L’internalisation de l’adtech
J.G. Une autre tendance forte en France est l’internalisation par les annonceurs des technologies publicitaires. Cela est en partie le reflet d’une volonté de marques de reprendre plus de contrôle sur le pilotage de leurs campagnes. Historiquement nous avons toujours travaillé avec les prestataires de nos utilisateurs finaux. Cependant maintenant nous sommes des plus en plus en situation de répondre à des appels d’offres émis directement par les annonceurs. Ces nouvelles responsabilités que les annonceurs assument expliquent aussi l’émergence de nouvelles sociétés. Ces dernières se positionnent plutôt dans le conseil sur les technologies à adopter et sur leurs points forts et faibles, notamment pour des problématiques data. C’est le cas d’Accenture, de Converteo ou d’Ebiquity. Ce sont des acteurs avec lesquels nous collaborons.
Ad-exchange.fr: Les annonceurs sont désormais en direct avec vous alors ?
J.G. Ce sont plutôt des systèmes hybrides, une sorte de semi-internalisation à travers laquelle l’annonceur contracte directement avec des technologies comme la nôtre. La raison est que l’annonceur souhaite avoir plus de transparence et de maîtrise sur ce qui est fait, tout en déléguant à son agence l’activité de media trading. Ce système devient le plus répandu du marché. Cela permet aux marques de se réapproprier leurs données, de maîtriser leurs coûts et d’être moins dépendantes de leurs prestataires.
La gestion des identités
J.G. La gestion des identités est une autre problématique forte de ce marché. L’industrie n’a toujours pas réussi à trouver une solution cross-device satisfaisante. Celle-ci est nécessaire à une meilleure gestion du capping et par conséquent à une meilleure expérience utilisateur. On voit émerger des alliances, mais il n’existe pas encore de solution qui puisse être commune à tous. Tant que l’on n’aura pas trouvé de monnaie commune pour travailler les uns avec les autres, on sera toujours confronté à d’immenses difficultés technologiques pour gérer la capacité à identifier un même individu sur ses différents devices. Et pendant ce temps, ce sont bien les grandes plateformes walled gardens qui garderont toute leur force. Or, il y a bien une vie en dehors de ces environnements clos, et il faut que l’on arrive à dépasser ces contraintes !

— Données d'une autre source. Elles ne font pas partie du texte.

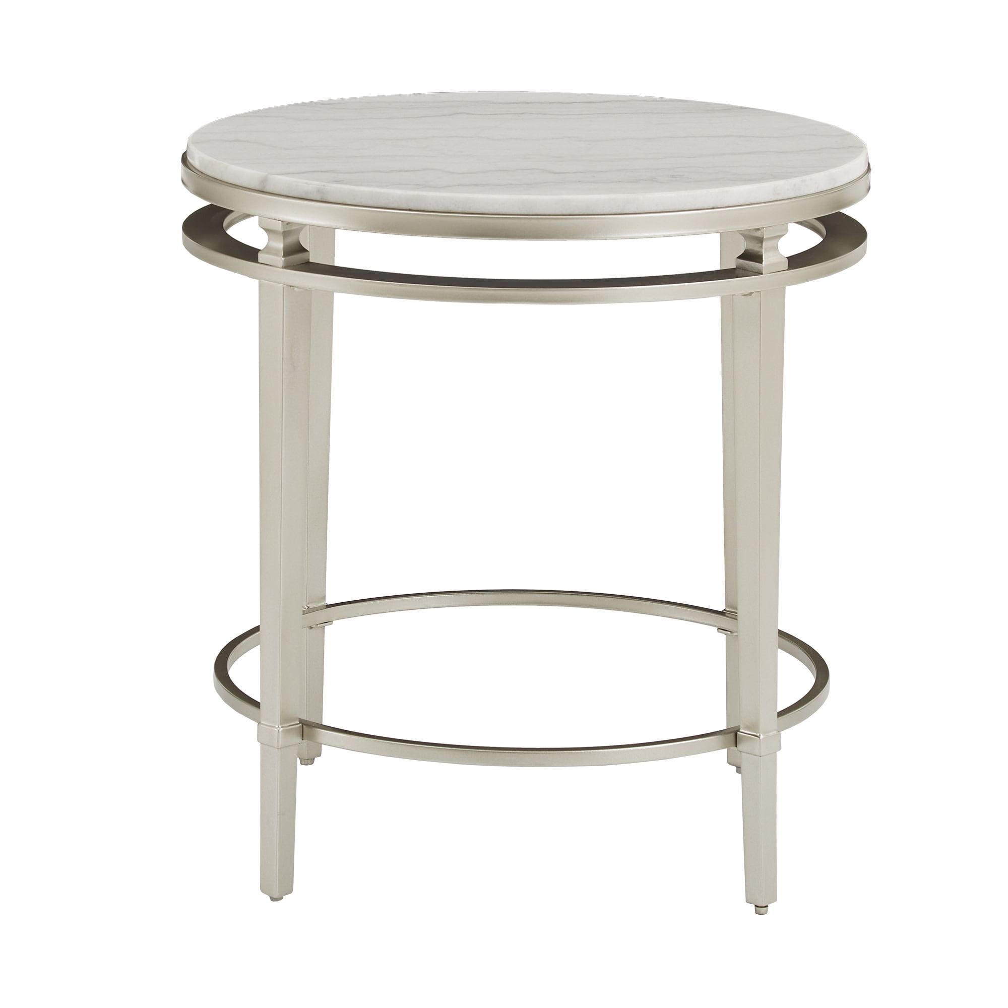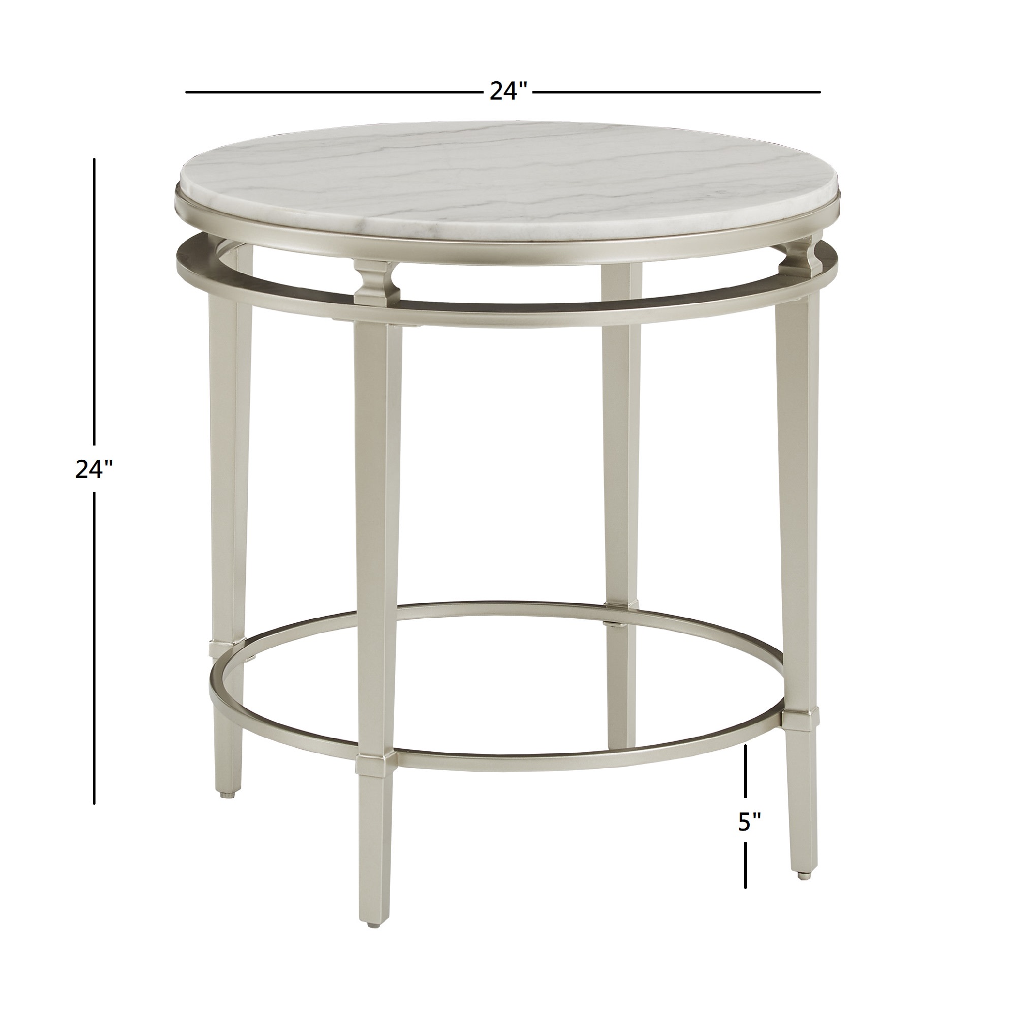 Set includes one (1) end table Dimensions: 24 in. diameter x 24 in. height Champagne silver metal frame Marble table top Made with metal tube, MDF, and marble Assembly required Ships in one (1) box

L’industrie n’a toujours pas réussi à trouver une solution cross-device satisfaisante.
Ad-exchange.fr: Mais tout cela relève de la volonté de travailler ensemble, non ?
J.G. Oui, ce problème illustre le désordre qui règne dans le marché programmatique qui souffre de l’absence d’une vraie instance régulatrice. Nous avons besoin de standards, de bonnes pratiques et d’interopérabilité.